This is also super relevant for everyone who had ditched Claude Code due to limits:

> For Claude and Claude Code users with access to Opus 4.5, we’ve removed Opus-specific caps. For Max and Team Premium users, we’ve increased overall usage limits, meaning you’ll have roughly the same number of Opus tokens as you previously had with Sonnet. We’re updating usage limits to make sure you’re able to use Opus 4.5 for daily work.

Scene_Cast2

Still way pricier (>2x) than Gemini 3 and Grok 4. I've noticed that the latter two also perform better than Opus 4, so I've stopped using Opus.

wolttam

It's 1/3 the old price ($15/$75)

brookst

Not sure if that’s a joke about LLM math performance, but pedantry requires me to point out 15 / 75 = 1/5

l1n

15$/Megatoken in, 75$/Megatoken out

null

[deleted]

conradkay

they mean it used to be $15/m input and $75/m output tokens

llamasushi

Just updated, thanks

827a

I've played around with Gemini 3 Pro in Cursor, and honestly: I find it to be significantly worse than Sonnet 4.5. I've also had some problems that only Claude Code has been able to really solve; Sonnet 4.5 in there consistently performs better than Sonnet 4.5 anywhere else.

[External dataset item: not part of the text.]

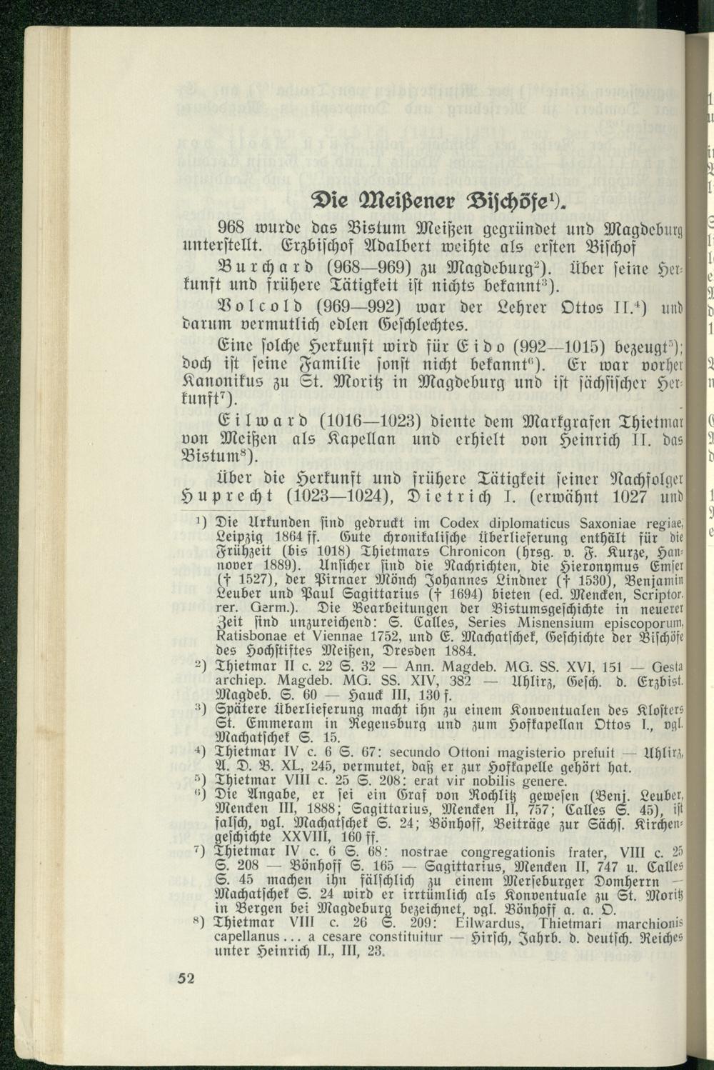 1) Die Urkunden ſind gedruckt im Codex diplomaticus Saxoniae regiae, Leipzig 1864 ff. Gute chronikaliſche Überlieferung enthält für die Frühzeit(bis 1018) Thietmars Chronicon(hrsg. v. F. Kurze, Han nover 1889). AUnſicher ſind die Nachrichten, die Hieronymus Emſer (+ 1527), der Pirnger Mönch Johannes Lindner(F 15305, Benjamin Leuber und Paul Sagittarius(f 1694) bieten(ed. Mencken , Scriptor. rer. Germ.). Die Bearbeitungen der Bistumsgeſchichte in neuerer Zeit ſind unzureichend: S. Calles, Series Misnensium episcoporum, RKatisbonae et Viennae 1752, und E. Machatſchek, Geſchichte der Biſchöfe des Hochſtiftes Meißen, Dresden 1884. Thietmar II c. 22 S. 32— Ann. Magdeb. MG. SS. XVI, 151— Gesta archiep. Magdeb. MG. SS. XIV, 382— AUhlirz, Geſch. d. Erzbist. Magdeb. S. 60— Hauck Ill, 130. Spätere Überlieferung macht ihn zu einem Konventualen des Kloſters St. Emmeram in Regensburg und zum Hofkapellan Ottos J, vgl. Machatſchek S. 15. Thietmar IV c. 6 S. 67: secundo Ottoni magisterio prefuit— Uhlirz, A. D. B. XL, 245, vermutet, daß er zur Hofkapelle gehört hat. Thietmar VIII c. 25 S. 208: erat vir nobilis genere. Die Angabe, er[ei ein Graf von Rochlitz geweſen(Benj. Leuber, Menden Il, 1888; Sagittarius, Menden Il, 757; Ealles S. 45), it falſch, vgl. Machatſchek S. 24; Bönhoff, Beiträge zur Sächſ. Kirchen— geſchichte XXVlIII, 160 ff. Thietmar IV c. 6 S. 68: nostrae congregationis frater, VIII c. 25 S. 208— Bönhoff S. 165— Sagittarkus, Menden II, 747 u. Calles S. 45 machen ihn fälſchlich zu einem Merſeburger Domherrn. Machatſchek S. 24 wird er irrtümlich als Konventuale zu St. Moritz in Bergen bei Magdeburg bezeichnet, vgl. Bönhoff a. a. O.. 8) Thietmar VIII c. 26 S. 209: Eilwardus, Thietmari marchionis capellanus... a cesare constituitur— Hirſch, Jahrb. d. deutſch. Reiches unter Heinrich II , IM, 23.
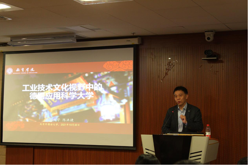 2021年10月20日晚,北京大学博雅教授、北京大学中国博士教育研究中心主任陈洪捷教授应邀来到yl9193永利集团国际yl9193永利集团,做了题为“工业技术文化视野中的德国应用科学大学”的学术讲演。本次讲座是北外全球教育大讲堂的第一讲,由国际yl9193永利集团副经理苑大勇主持。整场讲座视野新颖、观点前沿,讨论热烈,激发了与会师生的研讨热情、拓展了学术视野。

I think Anthropic is making the right decisions with their models. Given that software engineering is probably one of the very few domains of AI usage that is driving real, serious revenue: I have far better feelings about Anthropic going into 2026 than any other foundation model. Excited to put Opus 4.5 through its paces.

mritchie712

> only Claude Code has been able to really solve; Sonnet 4.5 in there consistently performs better than Sonnet 4.5 anywhere else.

I think part of it is this[0] and I expect it will become more of a problem.

Claude models have built-in tools (e.g. `str_replace_editor`) which they've been trained to use. These tools don't exist in Cursor, but claude really wants to use them.

0 - https://x.com/thisritchie/status/1944038132665454841?s=20

HugoDias

TIL! I'll finally give Claude Code a try. I've been using Cursor since it launched and never tried anything else. The terminal UI didn't appeal to me, but knowing it has better performance, I'll check it out.

Cursor has been a terrible experience lately, regardless of the model. Sometimes for the same task, I need to try with Sonnet 4.5, ChatGPT 5.1 Codex, Gemini Pro 3... and most times, none managed to do the work, and I end up doing it myself.

At least I’m coding more again, lol

vunderba

My workflow was usually to use Gemini 2.5 Pro (now 3.0) for high-level architecture and design. Then I would take the finished "spec" and have Sonnet 4.5 perform the actual implementation.

nevir

Same here. Gemini really excels at all the "softer" parts of the development process (which, TBH, feels like most of the work). And Claude kicks ass at the actual code authoring.

It's a really nice workflow.

SkyPuncher

This is how I do it. Though, I've been using Composer as my main driver more an more.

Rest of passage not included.